No LLM call. No vendor traffic. No tokens. The dispatch is recorded as a local_only audit event with the prompt id + SPL + row count + execution time + ok flag. See Audit Log.

The Tab Persistence Convention¶

The prompt browser remembers your last-selected tab across modal-open events, persisted per-tab in sessionStorage under logserv.aiAssistant.promptActivePack. The persistence rule is selection-based, not casual-flipping-based — your tab choice is only remembered if you actually picked a prompt from it. Casual tab-flipping (browsing without clicking a card) doesn’t persist. If your last selected tab points at a tab that’s hidden on the current dashboard (e.g., persisted to Dashboard Focused on a dashboard with no matching prompts), the resolver falls back to sap_basis.

Customizing the Catalog¶

The prompt catalog is data-driven and customizable. New prompts can be added, existing prompts can be edited, and the catalog can be tailored per deployment. The full JSON schema, build-time consistency check, and pre-deploy SPL dry-run recipe are documented in AI Assistant Implementation Reference — Adding a New Predefined Prompt.

The Splunk Risky-Command Safeguard¶

Splunk Web’s Search app has a safety modal that triggers on “risky” commands: map, runshell, script, delete, crawl, tscollect, loadjob, outputlookup, outputcsv, sendalert, sendemail. Any URL passed to /app/search/search?q=... containing one of these triggers the modal — even though our own MCP-dispatched saved searches don’t.

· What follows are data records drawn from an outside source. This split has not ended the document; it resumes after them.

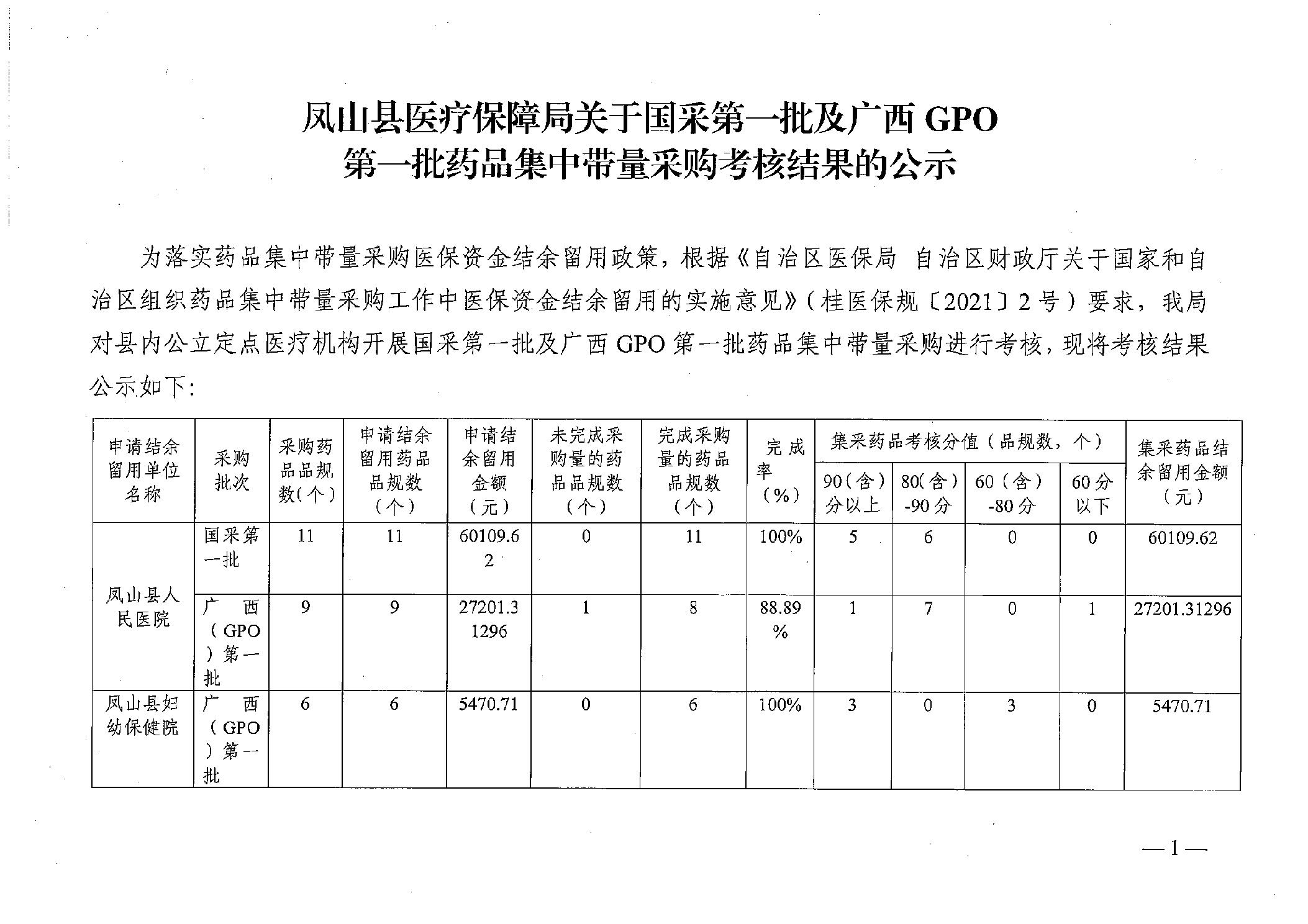 (桂医保规〔2021〕2号)要求,我局对县内公立定点医疗机构开展国采第一批及广西GPO第一批药品集中带量采购进行考核,现将考核结果公示如下∶
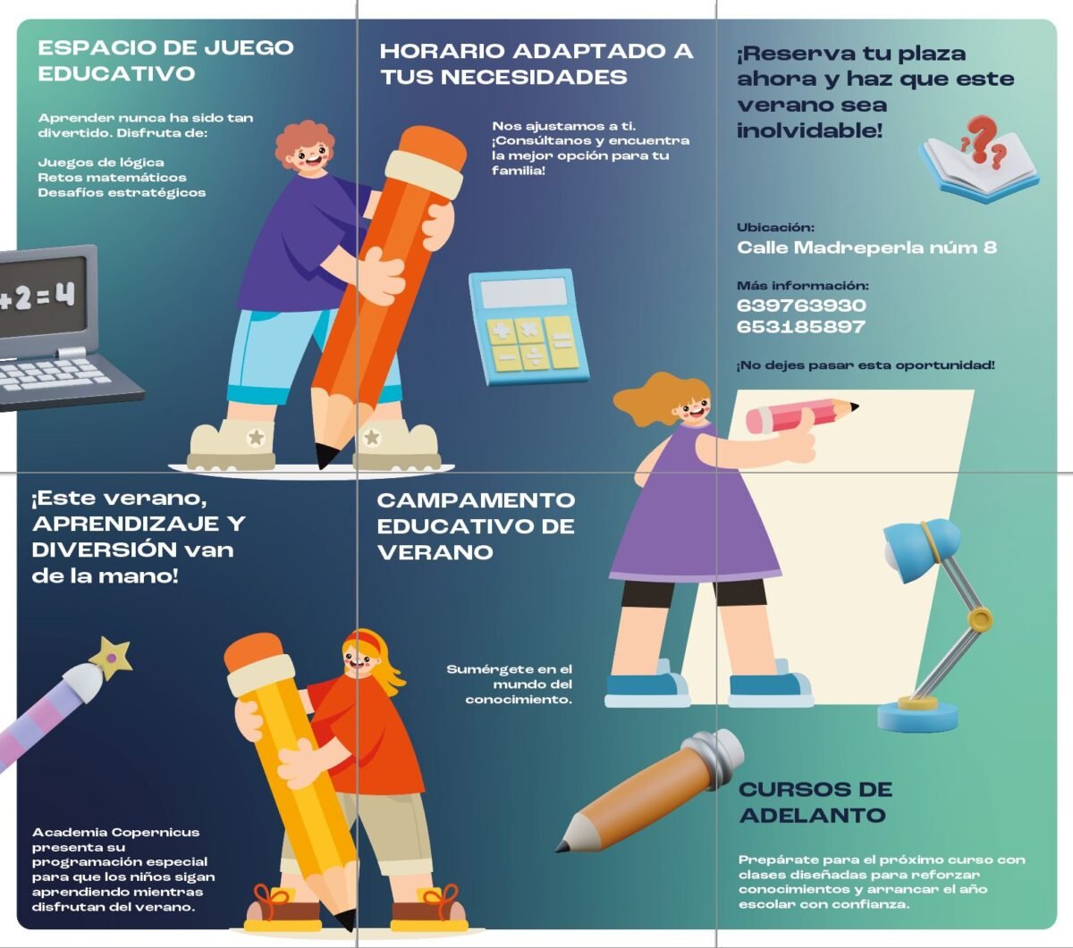 ¡Por cierto! Este verano, la Academia Copernicus lanza un campamento educativo pensado para que los niños sigan aprendiendo de forma divertida. A través de juegos de lógica, retos matemáticos, desafíos estratégicos y actividades diseñadas para estimular el pensamiento, los más pequeños podrán reforzar conocimientos sin dejar de disfrutar.
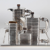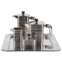 American Art Deco Sterling Coffee and Tea Set on Modernist tray c. 1935
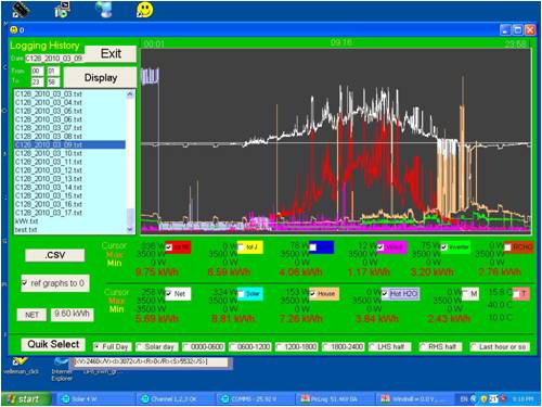Hi Don, the logging aspect is good for conversation initially, and has merit long term if a problem develops. There are legal requirements for kWhr recording and these are being met with even the basic units now. The SMA inverters originally had no display, and were an extra cost option. I would still prefer to buy a unit with fancy display and logging. I am biased this way being retired, but others with less free time may not be as interested in the day to day aspects. I have the serial comm port option on my SunnyBoy1100. This allows a logging aspect, but I prefer to just record the kWhs. The new LCDs gives more info with a cumulative graph, but I would be reluctant to buy blootooth enabled and still need to have a PC for logging as well. Gordon. become more energy aware |

The drill-down chips that open Splunk Search from the prompt browser’s nextSteps deep-links are subject to this safeguard. The shipped prompt catalog has been scanned and rewritten where needed to avoid these commands; if you customize the catalog, scan any new SPL for risky commands before shipping. See AI Assistant Implementation Reference for the rewrite pattern (map → first-class subsearch).

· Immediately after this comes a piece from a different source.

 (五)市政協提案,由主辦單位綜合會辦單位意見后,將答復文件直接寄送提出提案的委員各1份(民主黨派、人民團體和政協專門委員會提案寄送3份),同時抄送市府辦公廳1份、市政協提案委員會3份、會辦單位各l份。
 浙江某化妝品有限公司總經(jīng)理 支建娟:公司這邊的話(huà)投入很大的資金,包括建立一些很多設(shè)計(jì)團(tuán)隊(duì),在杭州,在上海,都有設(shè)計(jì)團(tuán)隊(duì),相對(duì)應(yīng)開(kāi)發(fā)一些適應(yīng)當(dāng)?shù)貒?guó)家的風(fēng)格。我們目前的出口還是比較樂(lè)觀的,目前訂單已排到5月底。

Clear All / Per-Result Clear¶

The right pane carries a Clear All button in the toolbar above the result list, plus a Clear button on every individual tile (in the actions slot, alongside the drill-down chips). Both prune the conversation:

Per-tile Clear removes the tool_call + tool_result + the user message that triggered the dispatch (so a canned-prompt’s chat label disappears alongside its result panel) + the guidance card. Outbound vendor refs for that tile are also stripped from the next-turn vendor-message buffer.
Clear All wipes the entire conversation, including all tool_results, all guidance cards, all assistant_text messages, and all user messages. The chat session id is preserved so audit events continue with the same correlation id.